Его напарник взял из миски чебурек и стал чавкать, пуская сок.

Тут я подпрыгнули, и ноги понесли меня к окну. Уже на подоконнике я почувствовал, как уменьшаюсь в росте. Кто-то подхватил меня за ногу.

– Ааа! – завопил я, болтаясь вниз головой в огромном опасном пространстве. – Я согласен! На всё! Пожарю любого!

Ко мне вернулся прежний размер. Мужики нацепили на меня фартук, поставили передо мной чемоданчик, а сами ловко исчезли в его недрах.

Я приоткрыл чемодан и осторожно заглянул. Обнаружив, что смотрю сверху на наш городской бульвар и площадь, я судорожно сглотнул пересохшим горлом. По бульвару и вокруг фонтана на площади беспечно прогуливались люди. Ростом они были со спички и совсем рядом – как на дне большой корзины. Я протянул руку. Увидев её, люди с криками стали разбегаться. Я невольно схватил толстенького человечка в пиджаке, но, почувствовав в руках его мягкую трепыхавшуюся плоть, выпустил и захлопнул крышку чемодана.

Роль великого кулинара мне не удавалась. Я бросился вон из кухни и, чувствуя, как уменьшаюсь с каждым шагом, завопил:

– Не ешьте меня! Мама! Помогите!

– Как же тебе помочь, дурачок, ты же убегаешь все время, – услышал я чей-то добрый голос. – Иди сюда, ко мне.
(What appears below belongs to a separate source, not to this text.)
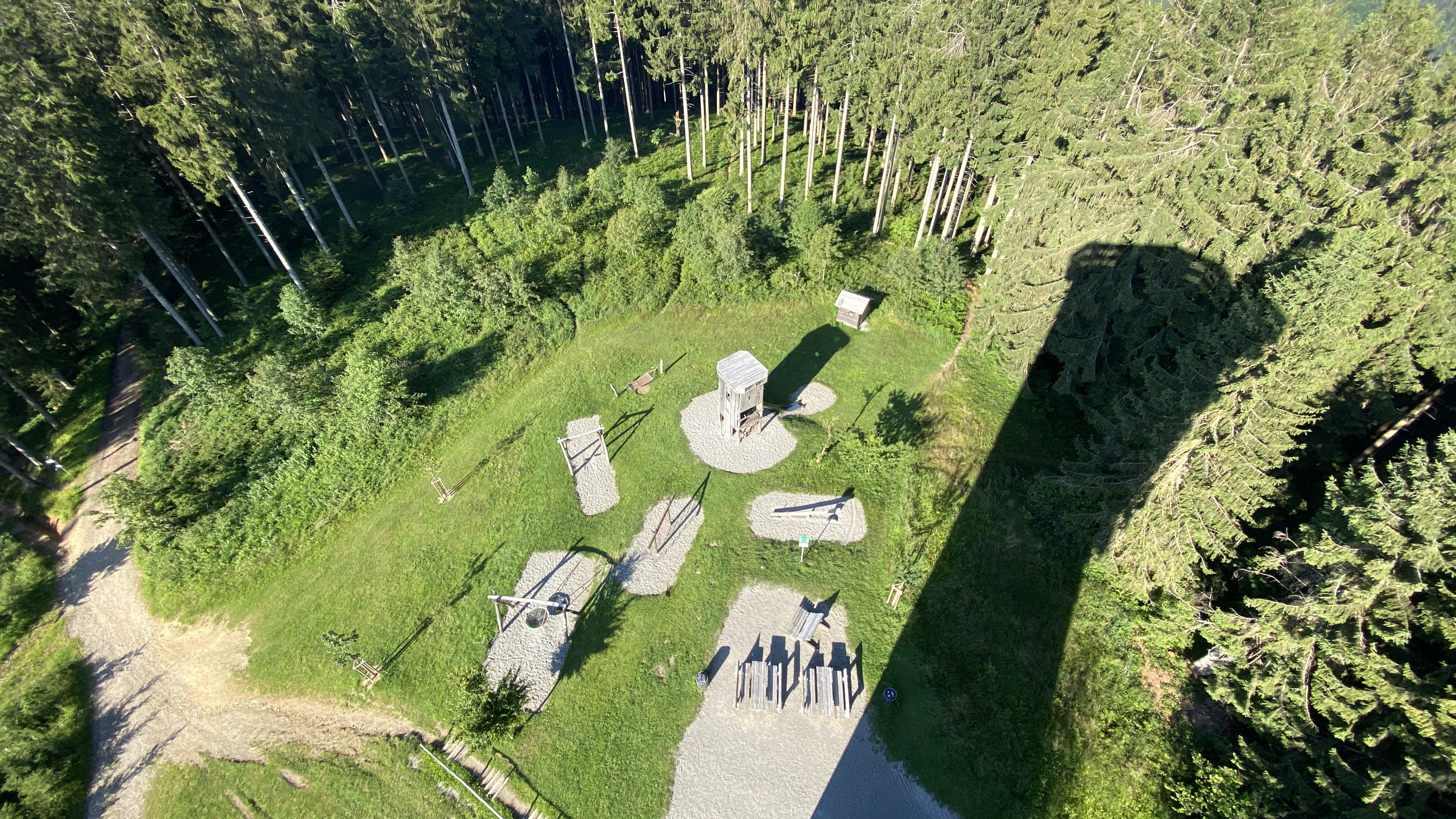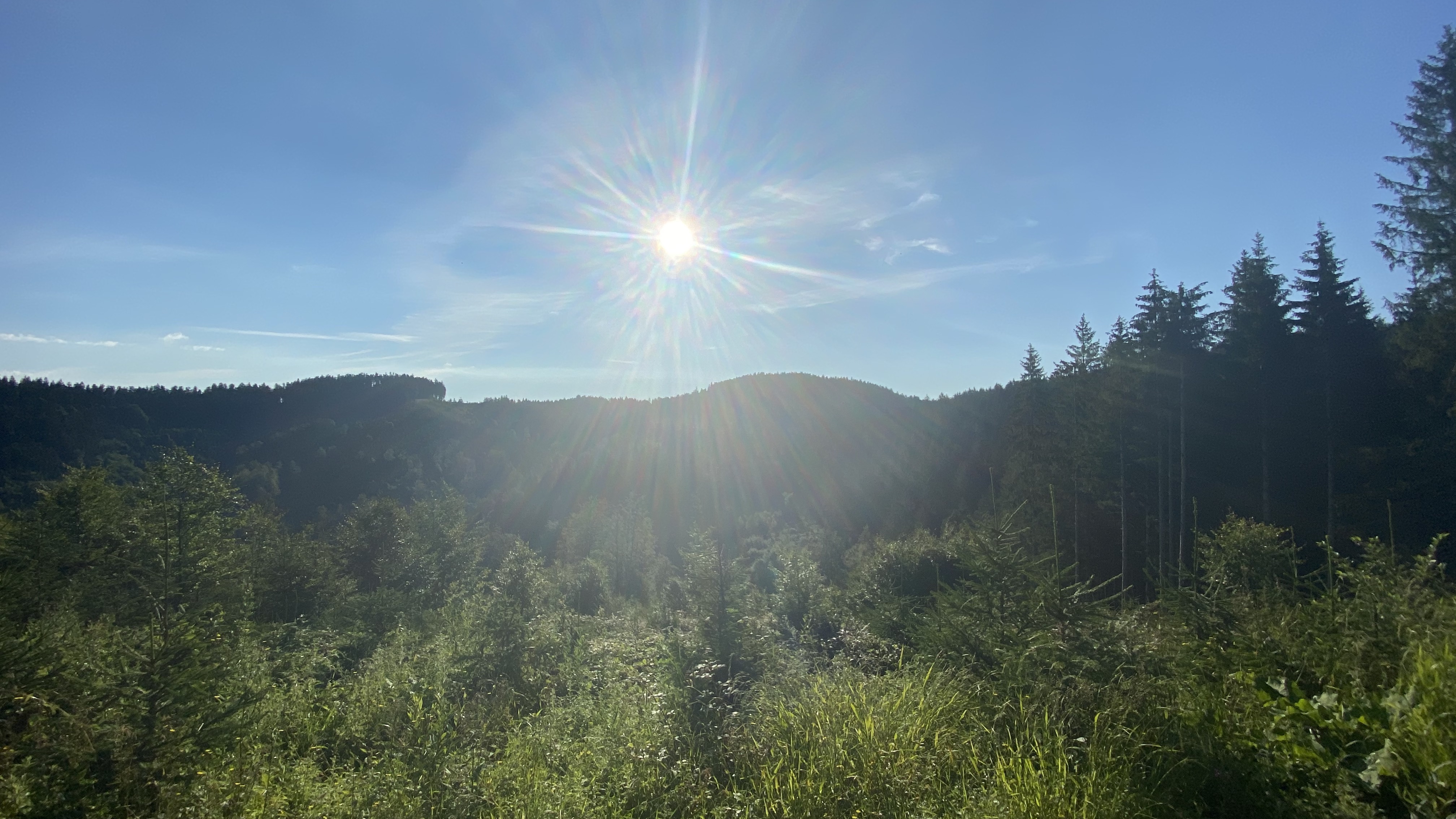 Der erste Abschnitt bis nach Bolsternang verlief auch gut, ich genoss die Morgensonne und die saftigen Himbeeren. Der Anstieg zum schwarzen Grat auf 1150 Metern war dank Schotterwegen auch kein Problem. Oben erwartete mich eine Überraschung…ein großer Spielplatz, WC und ein hoher Aussichtsturm…das hätte ich jetzt nicht alles erwartet.

Голос был за спиной. Я обернулся. И проснулся. Весь мокрый на влажной пожеванной подушке. Оказывается, я уснул, пока давил койку. Не успел я успокоить стучавшее сердце, как в дверь позвонили. Сердце заколотилось быстрее.

– Спокойно, – сказал я, – хозяин здесь я.

Бодро встал и вышел в прихожую. Открыл дверь. На пороге стояли двое.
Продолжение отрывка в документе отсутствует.